1.4. O município de Cruz Alta

Cruz Alta atualmente é um importante município situado no setor Noroeste do estado do Rio

Grande do Sul. Conhecida como sendo a terra dos tropeiros, do Escritor Érico Veríssimo, da

Coxilha Nativista e da Romaria de Fátima, é um dos mais antigos municípios fundados por

estas terras. Sua formação histórica remonta ao final do século XVII, quando uma cruz de

madeira fora erguida pelos jesuítas para definir as posses da área pertencente até então a

Coroa Espanhola, por razão do Tratado de Tordesilhas, entre os anos de 1690 a 1698.

Posteriormente com a demarcação do Tratado de Santo Ildefonso em 1777, a linha divisória,

que separava as terras das duas Coroas, cortava este território, exatamente pelo local onde

existia a grande cruz e uma pequena Capela do Menino Jesus. Este Tratado foi de grande

importância para a criação do povoado, estabelecendo um imenso “corredor” gerando uma

grande movimentação de pessoas das mais variadas ocupações que a cada ano aumentava.

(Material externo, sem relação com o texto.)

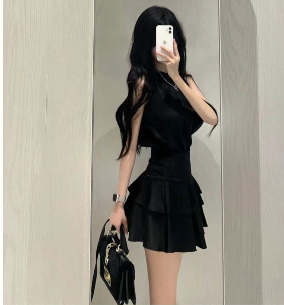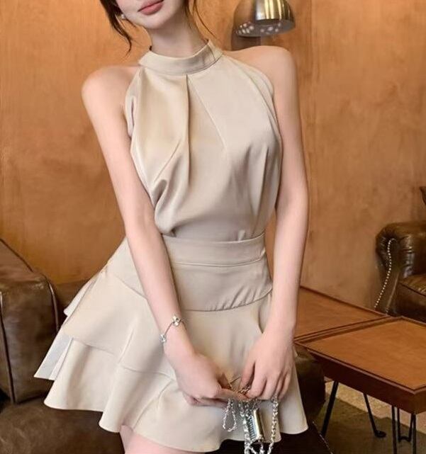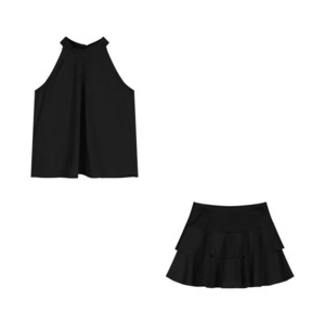 このセットアップは、ホルターネックデザインのトップスと、流れるようなフレアシルエットのミニスカートが特徴です☆ノースリーブのスタイルが涼しげで、春夏秋のシーズンにも大活躍!ハイウエストのデザインにより、脚長効果があり、おしゃれな印象を与えます。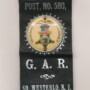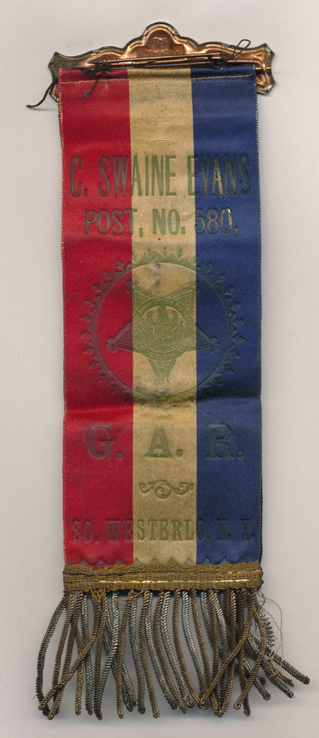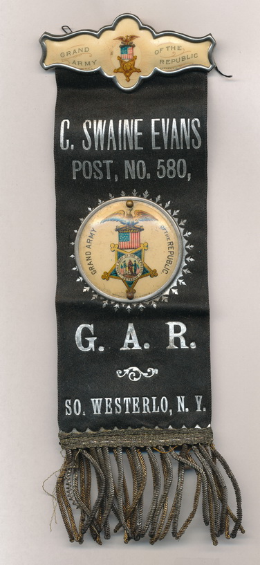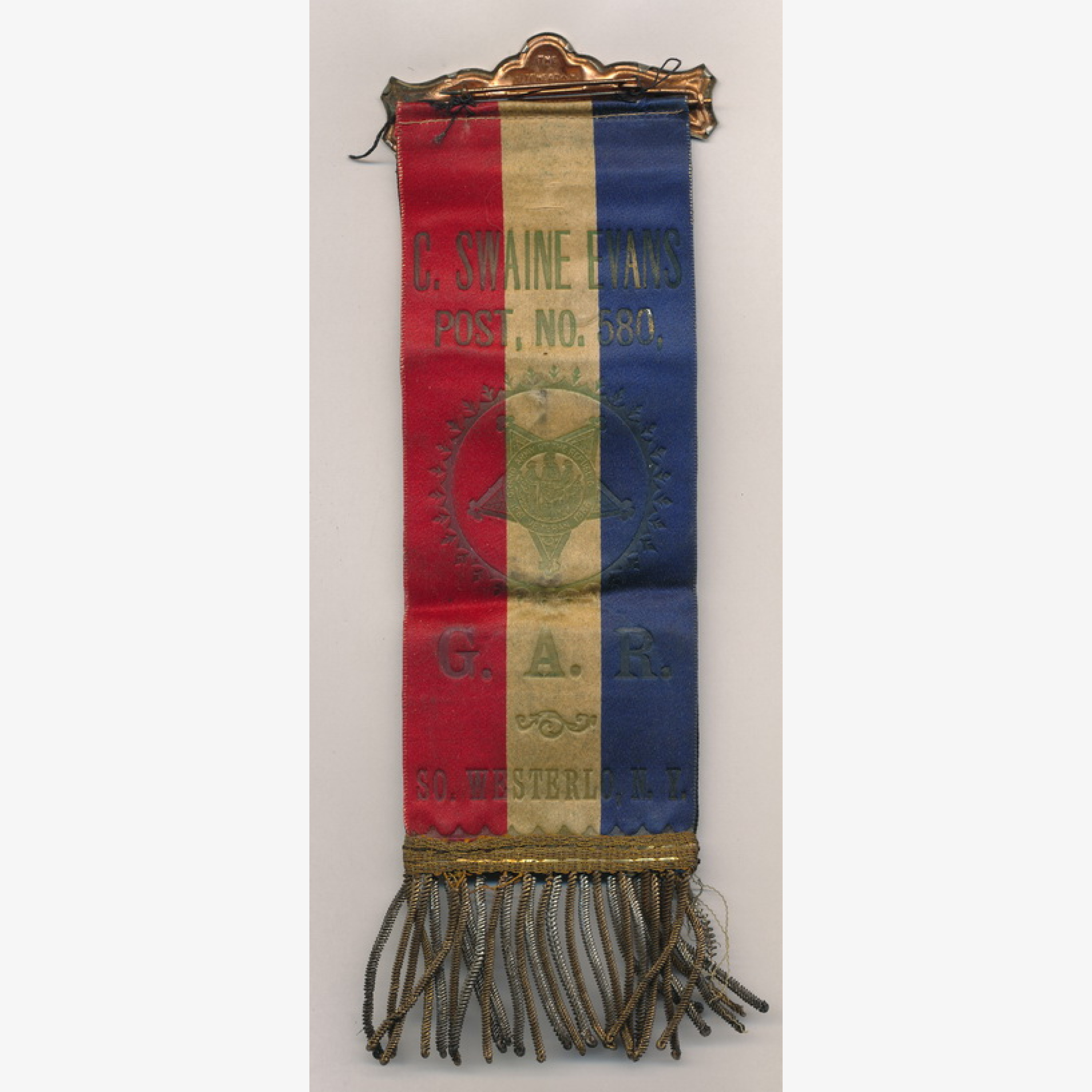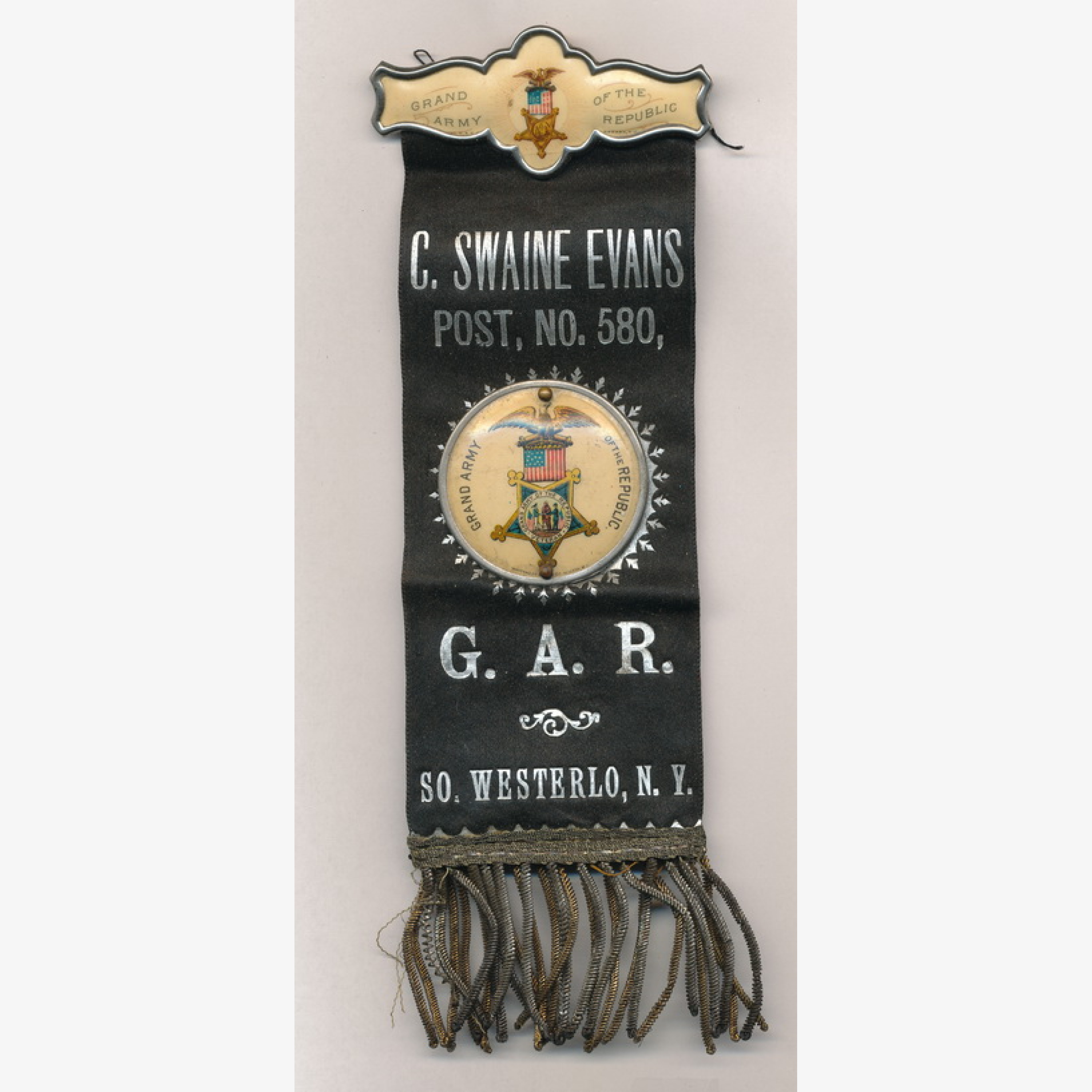 Black silk ribbon for the C. Swaine Evans G.A.R. Post No. 580 located in South Westerlo, New York. This example has the Grand Army of the republic suspension bar from with the ribbon hangs with the G.A.R. celluloid pendant in the center. The opposite side features a red, white and blue ribbon with identical lettering.

Já por essa época, provavelmente muitos paulistas contrabandeavam tropas de muares e

gado a pé, conduzindo através destes caminhos, os animais para comercialização na região

de Sorocaba em São Paulo (CAVALARI, 2004). O município de Cruz Alta converteu-se em

local de descanso para os tropeiros devido as suas características geográficas, climáticas e

naturais, além de diminuir a distância e o tempo do trajeto das tropeadas entre as estâncias

produtoras e o caminho para a região consumidora. Nesse contexto foram edificados de

maneira ainda muito rudimentar os primeiros ranchos, sendo estâncias embrionárias.

(ROCHA, 1964).

No ano de 1821, Coronel Paulet que ocupava o cargo de Comandante da Fronteira de

Missões, autoriza a fundação do povoado no dia 18 de agosto do mesmo ano, criando

oficialmente o povoado do Espírito Santo da Cruz Alta. A partir desta data o município ganhou

uma grande importância regional e serviu de berço para o desenvolvimento de inúmeros

municípios do estado. Nesta perspectiva o município sempre se destacou como sendo uma

referência por sua diversidade étnica, social e cultural. Por isso que ao considerar a relevância

de Cruz Alta na “estruturação” do Rio Grande do Sul, estamos diante da necessidade de

preservação da memória nas mais diversas formas que ela se manifesta.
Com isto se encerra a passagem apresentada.